◆ **ACTION ITEM**
Keep the pictures out of the copy and print all the entries below exactly.

Dataset items
_ _ _ _ _ _ _
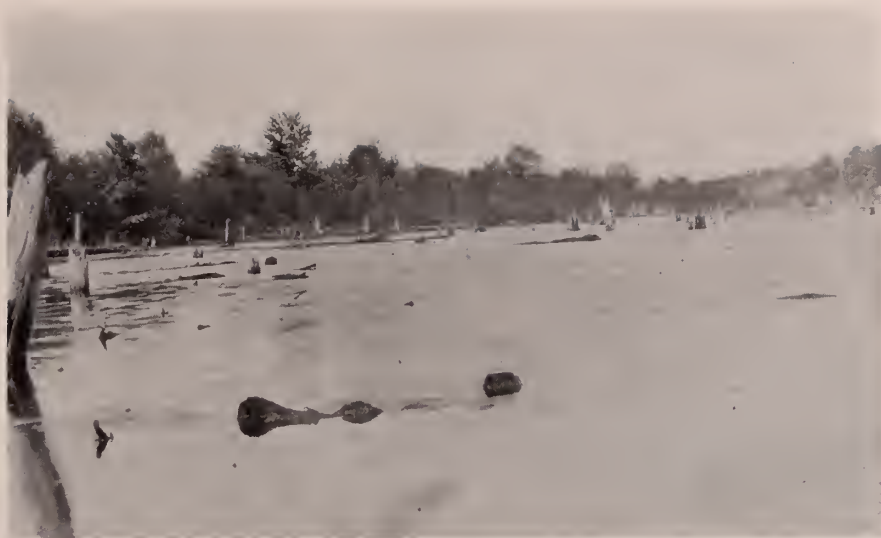
Fig. 213. Gordon Pond showing decaying stumps in which eastern bluebirds and tree swallows nest. May 31, 1929.
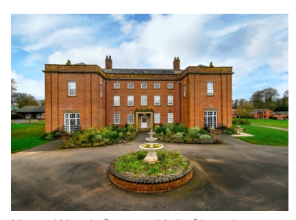
Home Wood, Gatacre Hall, Claverley, Wolverhampton
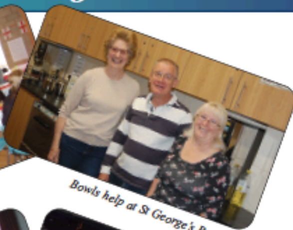
Bowls help at St George's Breakfast
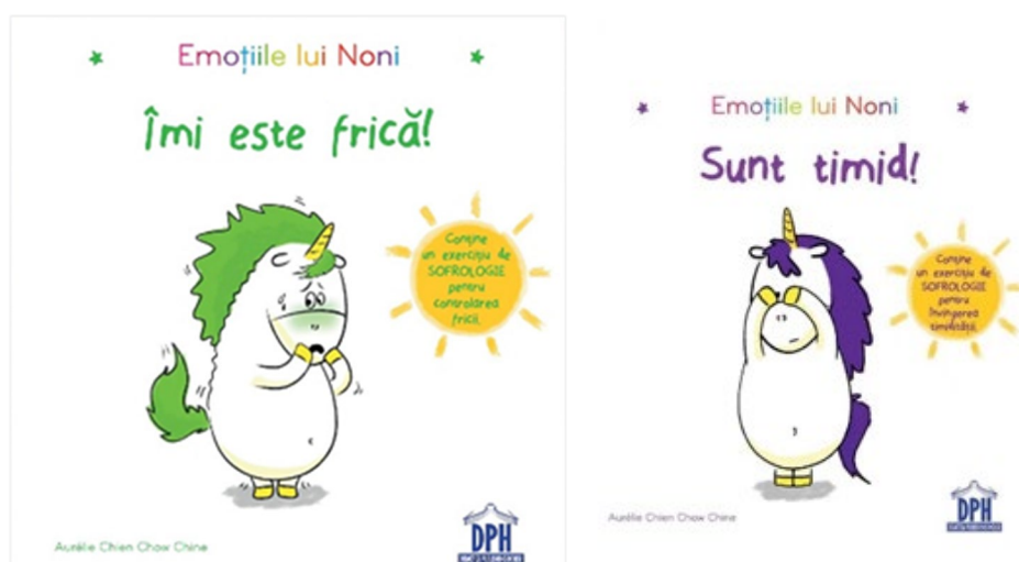
Figure 3: Noni's feelings

Depending on the children's age, when delivering the public speech, nicely-coloured materials in the shape of a book or a brochure, being represented by a funny character or a nice mascot, are recommended. In this case, "Noni's feelings" book series was used, the main character being a unicorn that experiences different states that can be presented to the children. The graphics are very modern, printed in an A6 format, so that they could be easily handled by the children.
_ _ _ _ _ _ _
◆ **RESULT BELOW**
Fig. 213. Gordon Pond showing decaying stumps in which eastern bluebirds and tree swallows nest. May 31, 1929.
Home Wood, Gatacre Hall, Claverley, Wolverhampton
Bowls help at St George's Breakfast
Figure 3: Noni's feelings

Depending on the children's age, when delivering the public speech, nicely-coloured materials in the shape of a book or a brochure, being represented by a funny character or a nice mascot, are recommended. In this case, "Noni's feelings" book series was used, the main character being a unicorn that experiences different states that can be presented to the children. The graphics are very modern, printed in an A6 format, so that they could be easily handled by the children.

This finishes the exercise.